“So clearly back in October of ’03, I screwed it up. . . . I was quite surprised to hear about [making the October 2003 statement] because it isn’t consistent with anything in my memory. I can’t find any notes that reflect this, this alleged knowledge, and so I was muddled on the timeline, that is all I can imagine.”.
Team Libby wants to impeach her with the statement, to show that there is a possibility she did know about Joseph Wilson's wife prior to the Novak article, and if that's the case, she would have told Russert, and Russert's memory might be wrong that he never mentioned it to Libby. Libby told investigators and the FBI that he forgot having learned it from Cheney in June, and when he heard it from Russert on July 10 or 11, it was like he was learning it for the first time. Russert is adamant the subject never came up in their conversation and he didn't know anything about it until he read Novak's column.
Team Libby writes:
When Ms. Mitchell is on the witness stand, we wish to explore how she was intensely focusing on the Wilson matter during the time period of July 6 through July 14 (although, as promised, we will not ask her to reveal the identity of her sources). If she denies that it is possible that she “began to pick up” on the fact that Mr. Wilson’s wife worked for the CIA prior to July 14, we will move to impeach her with her October 2003 statement. Thus, the defense has a good faith basis for calling Ms. Mitchell – to elicit testimony about how she paid significant attention to the Wilson story and how it is likely that she did in fact her a rumor that Mr. Wilson’s wife worked for the CIA.

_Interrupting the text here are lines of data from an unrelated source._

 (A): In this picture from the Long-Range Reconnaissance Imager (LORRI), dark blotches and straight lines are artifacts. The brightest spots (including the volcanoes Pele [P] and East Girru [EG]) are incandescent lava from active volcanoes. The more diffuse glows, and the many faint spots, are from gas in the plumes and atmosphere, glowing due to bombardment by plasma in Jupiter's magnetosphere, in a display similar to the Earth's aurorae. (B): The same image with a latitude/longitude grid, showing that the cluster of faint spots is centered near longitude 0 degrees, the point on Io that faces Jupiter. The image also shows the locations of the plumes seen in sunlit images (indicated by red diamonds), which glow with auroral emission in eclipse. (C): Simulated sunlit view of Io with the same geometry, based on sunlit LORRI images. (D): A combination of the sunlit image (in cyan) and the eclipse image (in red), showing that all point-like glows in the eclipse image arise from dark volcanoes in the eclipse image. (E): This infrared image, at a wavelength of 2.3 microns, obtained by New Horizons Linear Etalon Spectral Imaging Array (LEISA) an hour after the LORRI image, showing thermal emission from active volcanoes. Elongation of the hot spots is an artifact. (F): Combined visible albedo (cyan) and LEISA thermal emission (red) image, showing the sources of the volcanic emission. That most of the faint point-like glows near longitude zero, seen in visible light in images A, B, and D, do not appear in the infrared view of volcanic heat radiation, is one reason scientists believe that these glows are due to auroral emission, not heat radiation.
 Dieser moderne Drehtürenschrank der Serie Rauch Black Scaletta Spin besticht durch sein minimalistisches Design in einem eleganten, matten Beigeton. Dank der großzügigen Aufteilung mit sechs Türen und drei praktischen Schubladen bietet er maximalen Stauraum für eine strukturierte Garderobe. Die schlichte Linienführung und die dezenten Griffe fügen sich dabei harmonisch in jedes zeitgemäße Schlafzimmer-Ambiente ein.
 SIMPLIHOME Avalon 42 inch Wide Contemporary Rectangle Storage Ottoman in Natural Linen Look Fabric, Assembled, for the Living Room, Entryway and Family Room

....The defense contends that if Ms. Mitchell had not retracted her prior statement, great embarassment would have been caused to Mr. Russert and the NBC television network, particularly because the indictment against Mr. Libby was based in large part on testimony provided by Mr. Russert. Accordingly, the defense may also wish to elicit testimony from Ms. Mitchell regarding her retractions of her October 3, 2003 statement.

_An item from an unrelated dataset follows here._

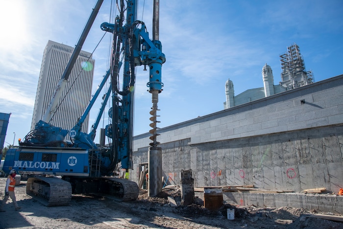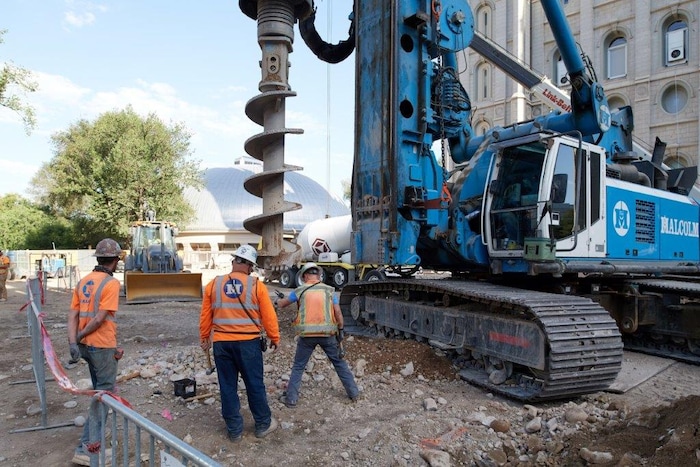 (Photo courtesy The Church of Jesus Christ of Latter-day Saints) In this June 2020 photo, an auger is drilling a hole with the help of segment casings. The 15-foot segment casings help create a hole up to 60 feet deep. A steel piling will be dropped into the hole and filled with concrete. The steel piles are part of a retaining wall that will line the temple property and will also be installed around the temple in preparation for excavating a 40-feet-deep hole as part of the seismic upgrade.
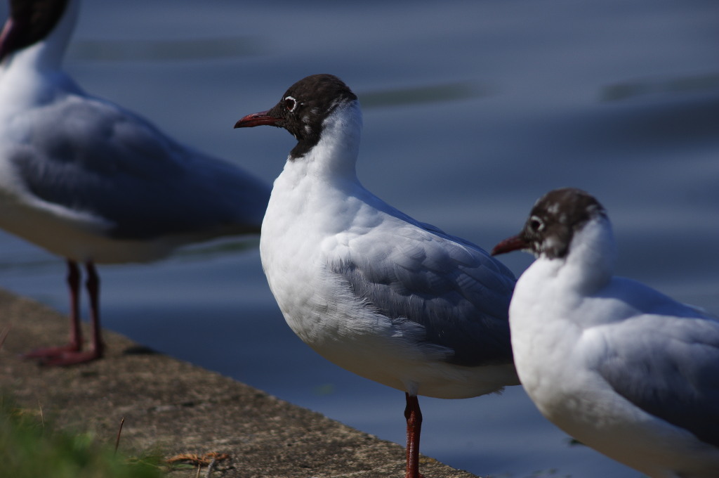 池のユリカモメ。 すっかり夏羽になった者。 抜け替え途中の者。 まだ冬羽の者とまちまちだ。

Libby says that if Mitchell says she didn't know about Valerie Plame Wilson before Novak's article, he has a right to impeach her with her October 3 prior inconsistent statement. But Fitzgerald says it's not a prior inconsistent statement because she disavowed it early on and has consistently maintained since then she didn't know about Wilson's wife working for the CIA prior to Novak's column. Mitchell's lawyer, not surprisingly, agrees with Fitz:
Ms. Mitchell’s counsel stated the following in this Court last week: "Number one, I am representing to you as an officer of the Court that Ms. Mitchell, if called to testify
on these matters, would testify that she heard no rumor, that she had no information and no knowledge about the wife of Ambassador Wilson prior to the [July 14, 2003] Novak column.”
2/8/07 p.m. Tr. at 101-102. It is quite apparent that there is simply no good faith basis for the
defendant to assume that Ms. Mitchell will testify otherwise.
I think the Judge won't let Wells ask Mitchell about her October, 2003 statement. It's too speculative: that the statement may have been true, which means she may have discussed it with Russert, which means Russert might have said something to Libby about Joseph Wilson's wife. Juries aren't supposed to pile inference upon inference in arriving at a conclusion.